How can I calculate cycle-wise average (mean for values circled in red) only for true conditions (cycle value 1) for other column DCUL13.LC01? Is there any function or can someone help me with the code?
CodePudding user response:
You can aggregate mean for consecutive 1
create by cumulative sum and filtered with inverted mask by boolean indexing
:
df = pd.DataFrame({'col' : range(15),'cycle' : [1,1,1,1,0,1,0,0,1,0,1,1,0,1,0]})
print (df)
col cycle
0 0 1
1 1 1
2 2 1
3 3 1
4 4 0
5 5 1
6 6 0
7 7 0
8 8 1
9 9 0
10 10 1
11 11 1
12 12 0
13 13 1
14 14 0
m = df['cycle'].eq(0)
df1 = df[~m].groupby(m.cumsum())['col'].mean().reset_index(name='Average')
print (df1)
cycle Average
0 0 1.5
1 1 5.0
2 3 8.0
3 4 10.5
4 5 13.0
Details:
print (df.assign(cumsum=m.cumsum(), inv_mask = ~m))
col cycle cumsum inv_mask
0 0 1 0 True
1 1 1 0 True
2 2 1 0 True
3 3 1 0 True
4 4 0 1 False
5 5 1 1 True
6 6 0 2 False
7 7 0 3 False
8 8 1 3 True
9 9 0 4 False
10 10 1 4 True
11 11 1 4 True
12 12 0 5 False
13 13 1 5 True
14 14 0 6 False
CodePudding user response:
I would rename your second column as it seems to not represent the cycle number but some other value (as shown by your annotations).

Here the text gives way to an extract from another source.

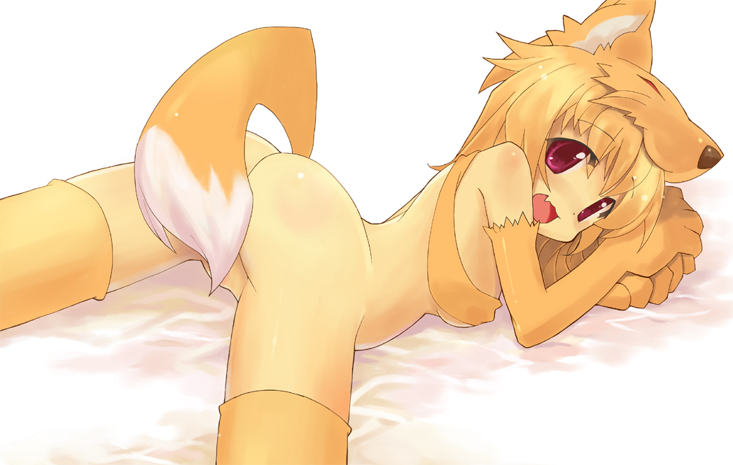 1girlanimal earsanimal handsblonde hairbottomlessbreastscensoredconvenient censoringelbow glovesfemale focusfox earsgloveshatno pantiesred eyessolotailthighhighs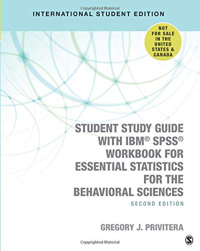 The Student Study Guide With IBM(R) SPSS(R) Workbook for the award-winning Research Methods for the Behavioral Sciences, Second Edition by Gregory J. Privitera includes a review of chapter learning objectives, chapter outlines and key terms, essential statistical formulas, special tips and insights for students, and chapter summaries. To help students practice their skills, the guide offers additional exercises, extensive practice quizzes linked to chapter learning objectives and SPSS in Focus exercises which complement those in the main text.

I would then create another column in your dataframe called cycle that contains the corresponding cycle number (e.g. in your case, 1 for the first 5 rows, 2 for the next 3 rows etc).
You can then use fancy indexing and the pandas groupby function to calculate the mean, as shown below (with renamed column names, only two cycles and slightly edited data so as to show the mean is being calculated correctly):
x = {'A' : [277, 277, 277, 277, 300, 277, 276, 276],
'B' : [1, 1, 1, 1, 0, 1, 0, 0],
'cycle' : [1, 1, 1, 1, 1, 2, 2, 2,]}
x = pd.DataFrame(x)
means_of_A = x[x['B']==1].groupby('cycle').mean()['A']
means_of_A
is then equal to:
cycle
1 277.0
2 277.0
Name: A, dtype: float64
which is equivalent to what you need.